С самого детства я не чувствовала себя счастливой и думала, что это нормально. Что такое быть счастливой, спросите вы? Ну, например, общаться с друзьями по телефону и быть уверенной, что за дверью тебя никто не слушает. А когда семья собирается за ужином, мать не пытается выудить имя мальчика, который тебе понравился, чтобы отчим, наконец, оторвался от телевизора и сказал свое «отцовское» слово. «Мама считает, что этот парень тебе совсем не подходит. Его отец алкоголик и бывший наркоман. А яблоко от яблони, как говорят...», - сказал он за день до моего первого свидания, не отрывая взгляда от мамы. О да, у него всегда было свое мнение. Завизированное материнским каблуком.
Вот и сейчас я лежала в крохотной детской, возле обшарпанной холодной батареи и по привычке поглядывала на открытую дверь. Мама давно ушла из жизни, но ощущение ее присутствия никогда меня не оставляло. Она до сих пор стояла за тонкой стеной и прислушивалась к моим мыслям. А я до сих пор смотрела на белую бабочку, которая никак не могла оторваться от черного потолка.
Огромной комнатной мухе повезло больше. Пятью минутами ранее она запуталась в липкой паутине между сквозящими оконными рамами. Сначала отчаянно пыталась высвободиться, тарабаня крылышками по стеклу, но затем к ней приполз долгоногий паук и муха успокоилась. Вот бы ко мне сейчас кто-нибудь приполз.
Самое душное лето началось в день, когда мне впервые не понравилось свое отражение. Какой смысл повторять слово, которое бросил в меня тот, кому я доверяла больше, чем себе? Достаточно сказать, что оно до сих пор торчит из груди. Несколько раз обращалась к врачам, но те лишь разводили руками и в один голос твердили, что случай неоперабельный. Да, слово и вправду может убить, да только я вот никак не умру. Разумеется, дело не в слове, а в губах, с которых оно сорвалось. А ведь я целовала их, посвящая себя человеку с самой большой коллекцией ножей. Другому я бы простила куда большее унижение, но этот был моим воздухом.

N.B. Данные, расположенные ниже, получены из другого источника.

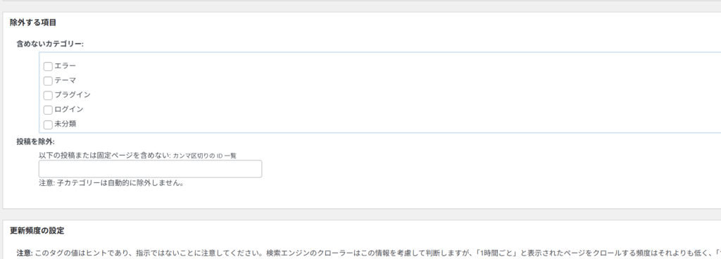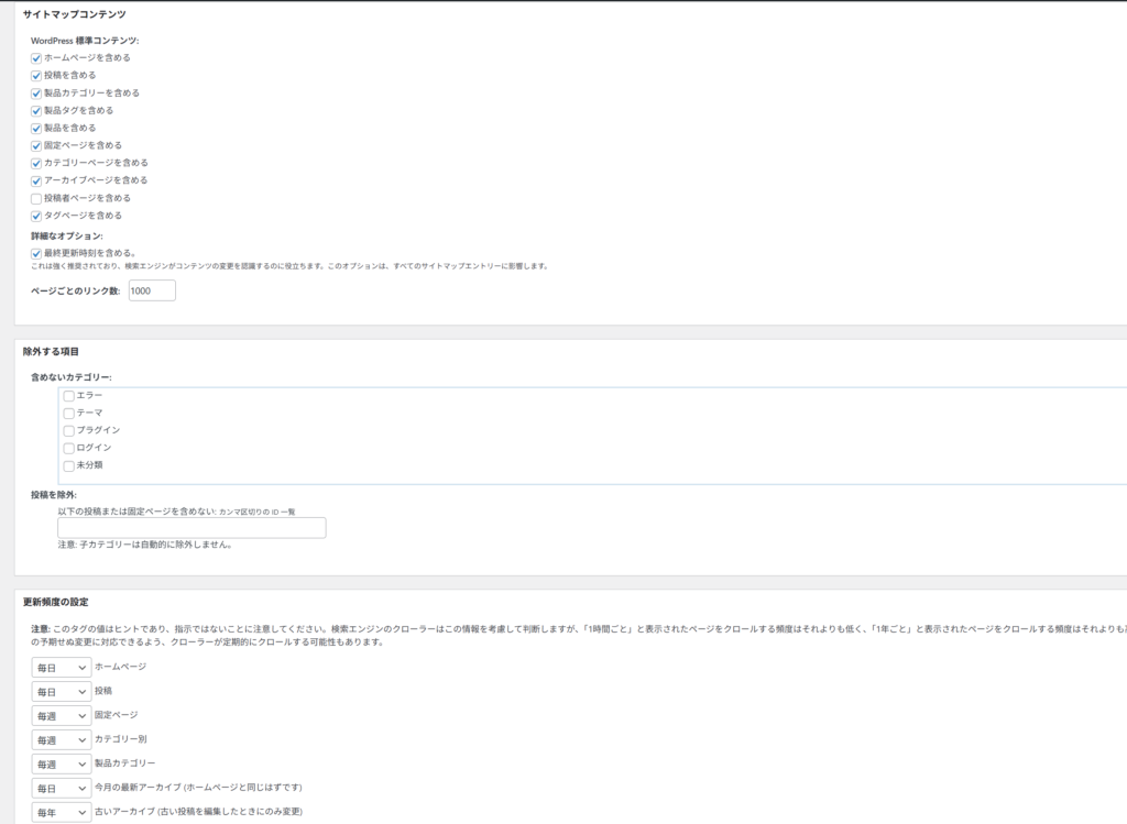 - 他のSEOプラグインとのサイトマップ機能重複に注意

Помню, как пришла домой и посмотрела в зеркало. «Янтарная орхидея», за которой трепетно ухаживал папа, в один миг превратилась в тонкий обугленный стебелек. До знакомства с убийцей я никогда не придавала особого значения своей внешности, но после того, как он нажал на спусковой крючок, обшарпанный материнский трельяж стал моим персональным мучителем. Не проходило ни дня, чтобы я не проклинала солнце за мерзкие рыжие отметины на лице. Порою хотелось схватить скальпель и соскоблить их вместе с сухой алебастровой кожей.
Да, слова страшнее смерти. А живые люди страшнее мертвецов.

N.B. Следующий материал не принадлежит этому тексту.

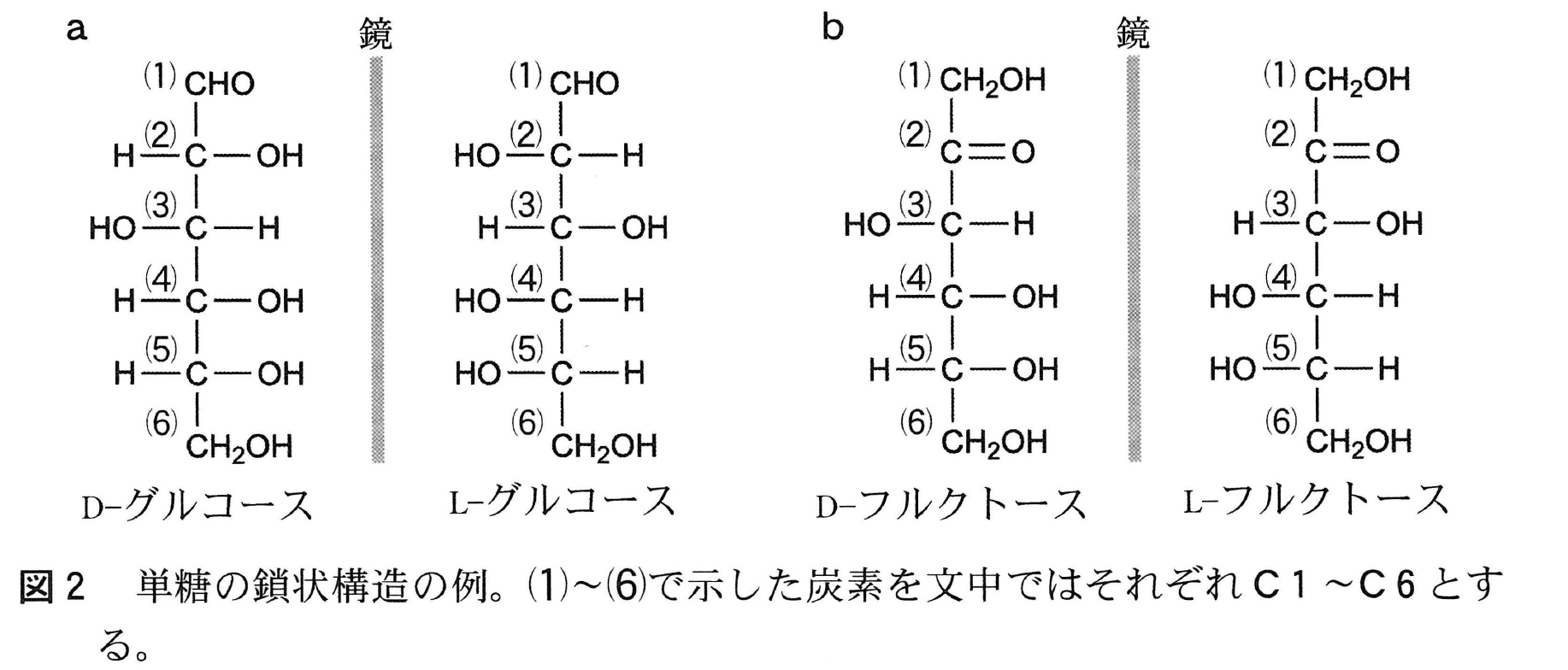 天然の単糖であるD-グルコースの鎖状構造を,フィッシャー投影式を用いて,鏡像異性体であるL-グルコースの鎖状構造とともに図2aに示した。両者を比較すると,分子内の4箇所すべての不斉炭素原子に結合した原子の配置は,鏡像の関係にある。D-フルクトース(天然型)とその鏡像異性体(L-フルクトース)についても,フィッシャー投影式を図2bに示した。

Лето кончилось, когда я перестала мечтать. В тот день на дверном косяке появилась зарубка. Это все, что осталось на память от папы. Глубокая борозда на уровне сердца. Сто сорок сантиметров детства. Именно с такой скоростью чей-то автомобиль вынесло на встречную полосу, когда меня не оказалось рядом. Но это была и моя полоса. Несколько лет пыталась замазать отметину краской, но в какой-то момент смирилась. Какая никакая, а память.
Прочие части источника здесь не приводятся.